Le assenze di Salah, Firmino e Robertson sembravano aver messo il sigillo definitivo su un copione già in corso di stampa dall’andata, quando il risultato aveva detto Messia 3-Liverpool 0. 3-0, sì. Proprio come accaduto in Barcellona-Roma dello scorso anno, però, i blaugrana avevano raccolto decisamente più di quanto avessero gettato; anche in quel caso tre gol di scarto (4-1) e anche in quel caso la rimonta dei giallorossi, per una partita senz’altro epica ma niente affatto paragonabile a quella di ieri sera.
Diciamo questo. L’anno scorso fu l’Epos, ieri è stata Religione. E il gol di Origi dopo 7′ lo aveva fatto presagire, prima che la di lui doppietta lo rendesse manifesto. Ancor più del doppio Wijnaldum, giocatore fin troppo sottovalutato. Non a caso Alisson ha dichiarato che, rispetto allo scorso anno, il ritorno il Barcellona se l’è giocato e come, e chi più di lui può dirlo? Il Barça ha peccato ancora una volta di hybris. E ad Anfield questo equivale a morte certa. Eppure, a nulla sarebbe servito, forse, entrare in campo con un atteggiamento diverso. Ieri sera i Reds sembravano nient’altro che gli attori di un Destino già scritto. Dal portiere ai difensori, Van Dijk su tutti (da Pallone d’Oro); dai difensori ai centrocampisti, Georgino sopra gli altri, ma non sopra il capitano Henderson, da lacrime, come quelle versate dal soldato Milner a fine partita; per finire con l’attacco, mutilo ma musico (preda delle Muse del pallone).

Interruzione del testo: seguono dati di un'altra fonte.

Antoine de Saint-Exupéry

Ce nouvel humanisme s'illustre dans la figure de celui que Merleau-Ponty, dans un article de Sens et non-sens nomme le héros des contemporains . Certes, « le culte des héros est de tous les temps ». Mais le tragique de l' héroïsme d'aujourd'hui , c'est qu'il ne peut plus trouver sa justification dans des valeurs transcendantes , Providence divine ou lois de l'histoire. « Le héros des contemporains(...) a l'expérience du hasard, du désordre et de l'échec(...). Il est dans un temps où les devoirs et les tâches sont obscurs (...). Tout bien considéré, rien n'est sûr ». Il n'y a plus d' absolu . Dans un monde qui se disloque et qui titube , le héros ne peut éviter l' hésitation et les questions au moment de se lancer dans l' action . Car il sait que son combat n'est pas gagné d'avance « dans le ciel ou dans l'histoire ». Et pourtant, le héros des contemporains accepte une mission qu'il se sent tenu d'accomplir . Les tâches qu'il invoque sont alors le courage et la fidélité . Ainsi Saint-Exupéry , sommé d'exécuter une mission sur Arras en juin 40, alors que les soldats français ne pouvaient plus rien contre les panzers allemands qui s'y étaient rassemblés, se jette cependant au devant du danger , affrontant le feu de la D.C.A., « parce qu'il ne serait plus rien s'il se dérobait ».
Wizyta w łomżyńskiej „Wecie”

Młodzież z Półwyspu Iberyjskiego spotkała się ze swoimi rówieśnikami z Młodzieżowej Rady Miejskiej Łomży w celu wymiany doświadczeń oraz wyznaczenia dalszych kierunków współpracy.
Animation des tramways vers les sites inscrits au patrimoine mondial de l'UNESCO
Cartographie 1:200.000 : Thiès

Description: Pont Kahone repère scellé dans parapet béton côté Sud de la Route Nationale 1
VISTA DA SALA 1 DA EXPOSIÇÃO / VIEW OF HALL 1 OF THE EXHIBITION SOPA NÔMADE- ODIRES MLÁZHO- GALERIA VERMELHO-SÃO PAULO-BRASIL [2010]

Tutta la gioia dei Reds in una foto (foto Clive Brunskill/Getty Images)
Finiamo in polemica col polemico. Scrive Adani: «Fuori Salah, Firmino e poi Robertson, senza mai rinunciare a idee, coraggio e ritmo, puoi anche concedere 4 palle gol (nitide) ma non rinuncerai mai al tentativo di realizzare i tuoi sogni. Klopp e il suo Liverpool hanno testimoniato. Giustizia». Testimonia i limiti di un’analisi di questo tipo il ricorso, in prima istanza, alle “idee”. Senza rientrare nella polemica del momento, su cui pure torneremo per altri sentieri, è bene ribadire che ieri, ad Anfield, è accaduto in prima istanza, semmai, il Metafisico. Cioè l’accadere, appunto. L’evento non rivela mai se stesso. E le idee non esistono senza le azioni degli uomini (e del divino per loro tramite svelato).

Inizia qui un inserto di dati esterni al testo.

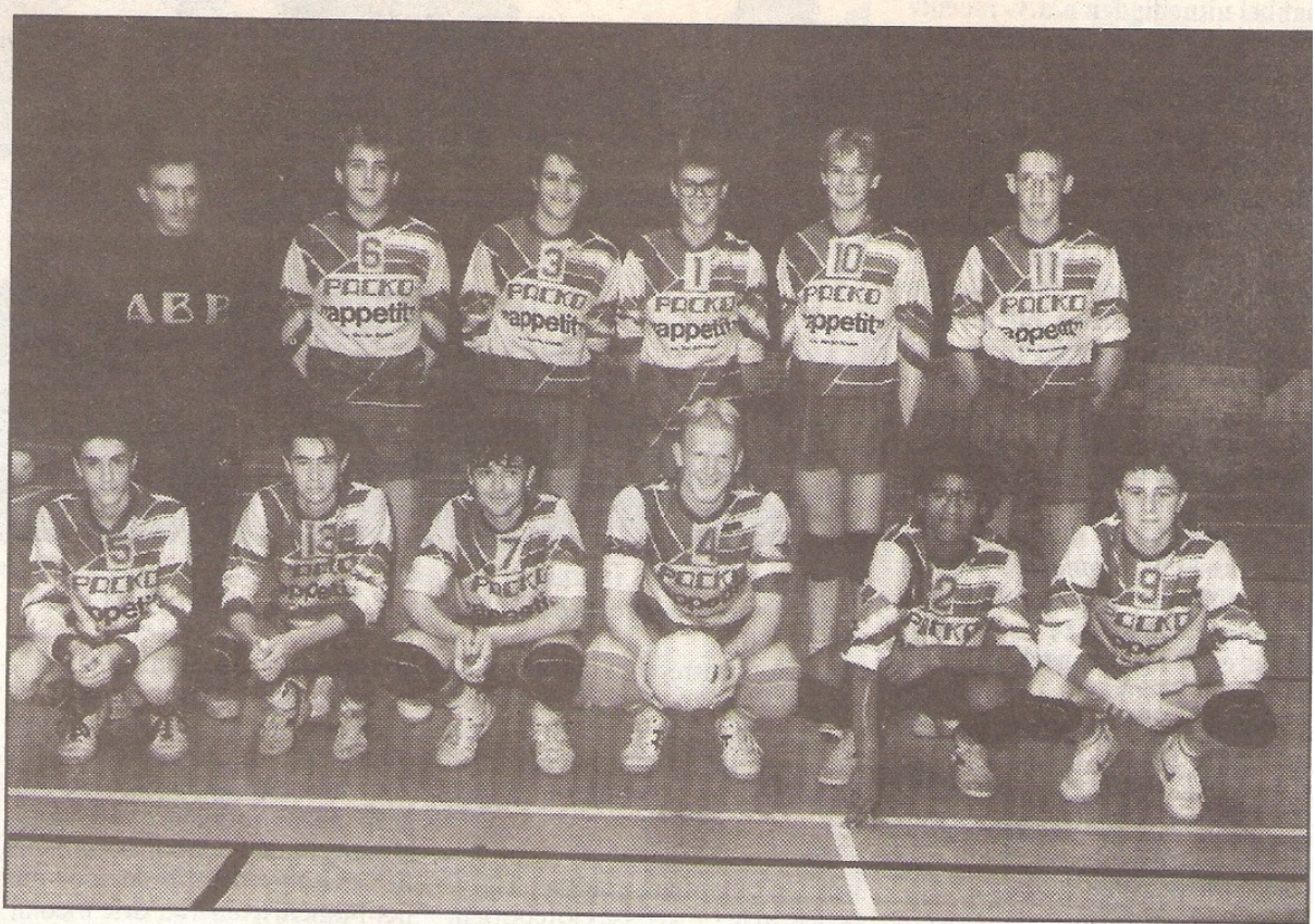
Packo Zedelgem 3, aantredend in 3e provinciale afdeling heren.

De ploeg in 2 e provinciale werd opgedoekt. De overgebleven spelers worden verdeeld onder de ploeg in 1 e provinciale (zie foto boven) en de ploeg die uitkomt in 3 e provinciale (zie foto onder).
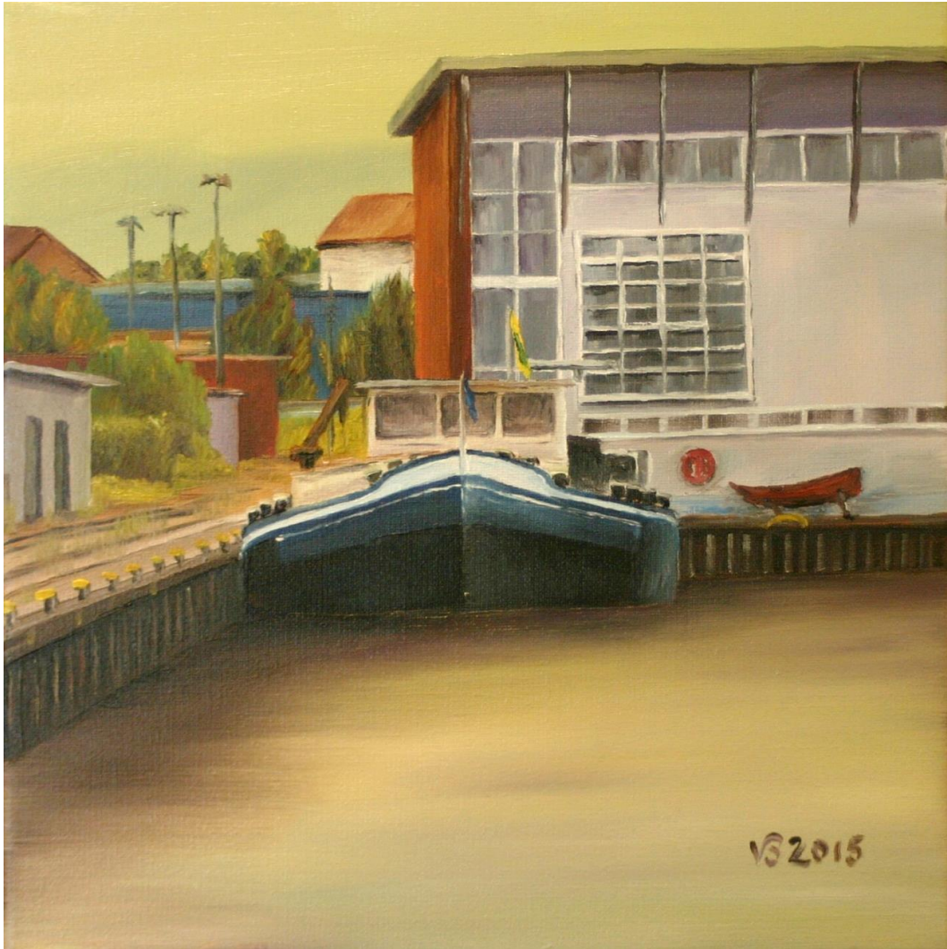
Lindener Hafen II | Öl 2015 | 30 x 30 cm

Klopp e altri 11, più Anfield. Un’emozione unica, un brivido prorompente, un’estasi calcistica come poche nella storia. A memoria, solo quel Barcellona 6-1 PSG, di quell’ultimo grande Barcellona. Cos’altro? Il tema rimonte, certamente. A riprova di quanto detto poco fa. Il Porto contro la Roma, lo United contro i parigini, la Juve contro l’Atletico, e ora il Liverpool, che di rimonte se ne intende. E occhio a stasera. Una delle più belle Champions League della storia. Ringraziamo il calcio, signori.